:: Collected material ::
• • • •

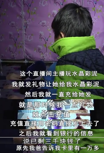 据黄女士介绍,自己也是听朋友说才知道有人用自己丈夫的账号给主播打赏了一万多块钱,她赶回家一看,手机在儿子的身边。而据黄女士儿子小海介绍,自己在看主播直播玩水晶彩泥时希望自己也能够得到水晶彩泥,主播说刷礼物就送就给水晶彩泥,他就几百块几百块的送。家里卖粮的一万多都给打赏了。
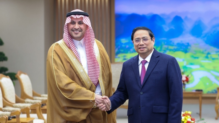 VOV.VN - Chiều 29/3, tại Trụ sở Chính phủ, Thủ tướng Chính phủ Phạm Minh Chính đã tiếp Đại sứ đặc mệnh toàn quyền Saudi Arabia tại Việt Nam Mohammed Bin Ismaeil A. Dahlwy nhân dịp nhận nhiệm vụ công tác tại Việt Nam.
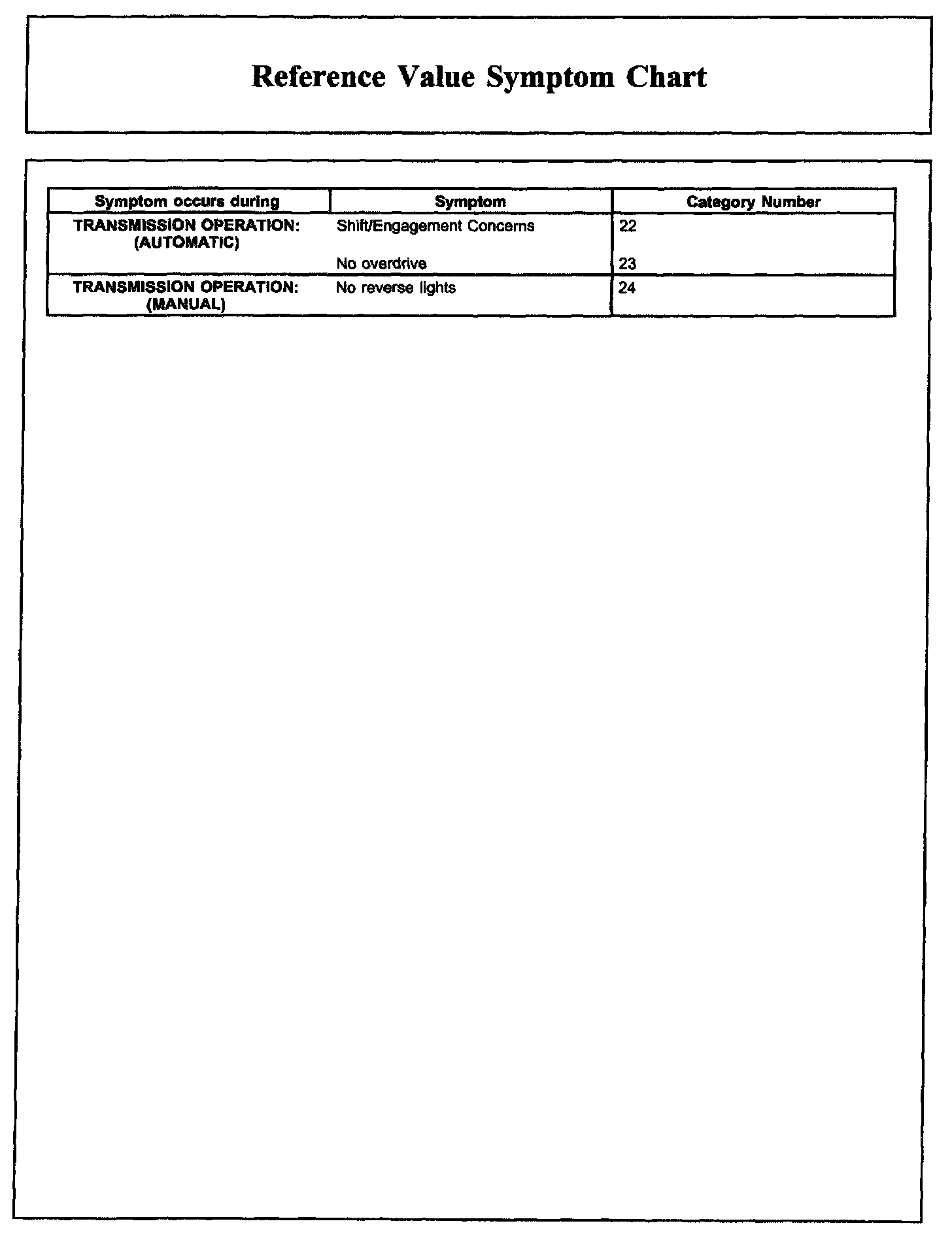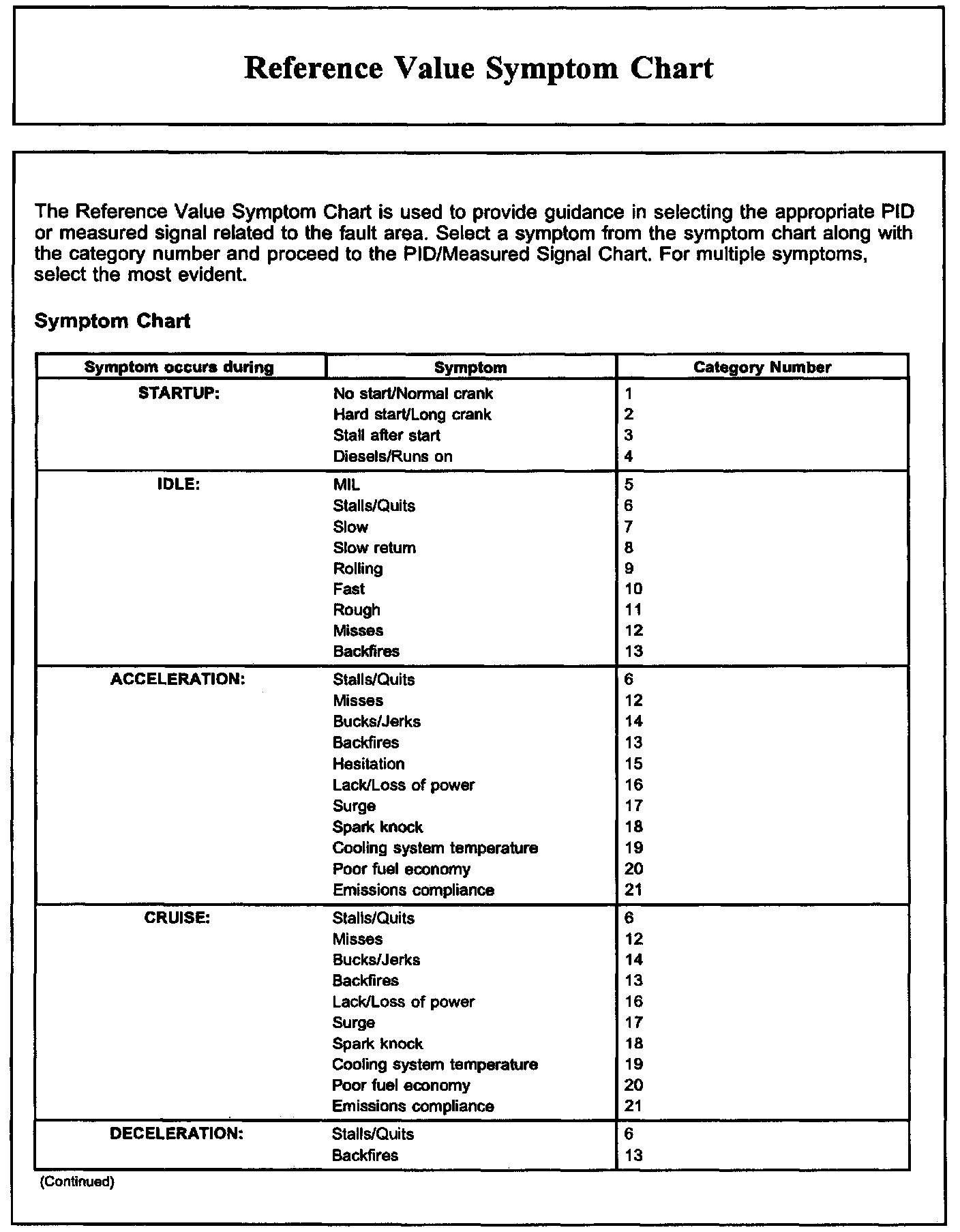 Reference Value Symptom Chart, Part 1:
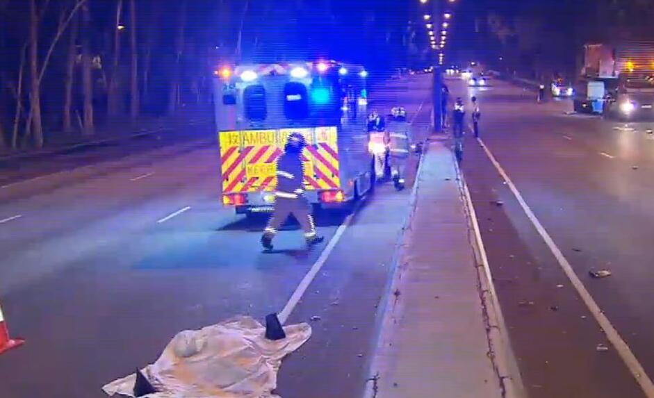 司機被拋出車外,倒臥對面行車線死亡(白色布覆蓋)。

• • • •

Each line from the one that holds "VOV.VN - Chiều" through the final line of the data must be retyped exactly; the pictures must not appear.

 VOV.VN - Chiều 29/3, tại Trụ sở Chính phủ, Thủ tướng Chính phủ Phạm Minh Chính đã tiếp Đại sứ đặc mệnh toàn quyền Saudi Arabia tại Việt Nam Mohammed Bin Ismaeil A. Dahlwy nhân dịp nhận nhiệm vụ công tác tại Việt Nam.
 Reference Value Symptom Chart, Part 1:
 司機被拋出車外,倒臥對面行車線死亡(白色布覆蓋)。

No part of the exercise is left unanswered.